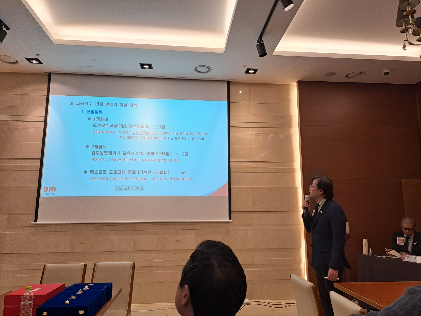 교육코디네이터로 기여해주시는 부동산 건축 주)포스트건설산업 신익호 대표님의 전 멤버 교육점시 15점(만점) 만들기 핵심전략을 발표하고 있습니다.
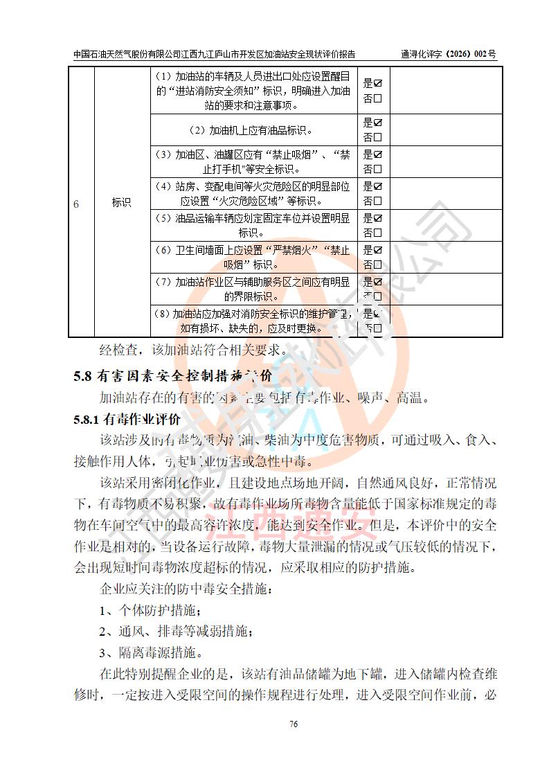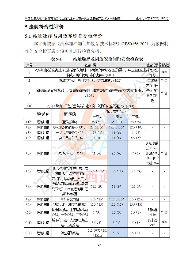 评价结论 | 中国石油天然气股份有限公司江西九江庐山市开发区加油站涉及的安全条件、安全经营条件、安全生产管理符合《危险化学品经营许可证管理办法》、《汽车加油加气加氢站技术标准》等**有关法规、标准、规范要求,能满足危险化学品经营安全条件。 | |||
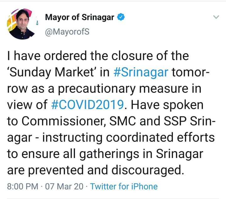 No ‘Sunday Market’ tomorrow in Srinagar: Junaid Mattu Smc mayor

========================

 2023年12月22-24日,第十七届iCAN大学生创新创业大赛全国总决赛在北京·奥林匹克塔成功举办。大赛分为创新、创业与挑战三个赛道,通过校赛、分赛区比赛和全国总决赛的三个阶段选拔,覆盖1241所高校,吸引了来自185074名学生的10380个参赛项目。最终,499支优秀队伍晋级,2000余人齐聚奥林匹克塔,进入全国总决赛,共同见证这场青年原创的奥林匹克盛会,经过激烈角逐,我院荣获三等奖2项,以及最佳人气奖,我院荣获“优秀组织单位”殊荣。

========================

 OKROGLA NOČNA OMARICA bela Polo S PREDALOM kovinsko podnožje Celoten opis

========================

> **WHAT YOU NEED TO DO**: Going back to the data above, write out everything from the line with "교육코디네이터로 기여해주시는 부동산" down to the line with "No ‘Sunday Market’", both included, leaving every picture out.

> **OUTPUT OF THE EXERCISE**:
 교육코디네이터로 기여해주시는 부동산 건축 주)포스트건설산업 신익호 대표님의 전 멤버 교육점시 15점(만점) 만들기 핵심전략을 발표하고 있습니다.
 评价结论 | 中国石油天然气股份有限公司江西九江庐山市开发区加油站涉及的安全条件、安全经营条件、安全生产管理符合《危险化学品经营许可证管理办法》、《汽车加油加气加氢站技术标准》等**有关法规、标准、规范要求,能满足危险化学品经营安全条件。 | |||
 No ‘Sunday Market’ tomorrow in Srinagar: Junaid Mattu Smc mayor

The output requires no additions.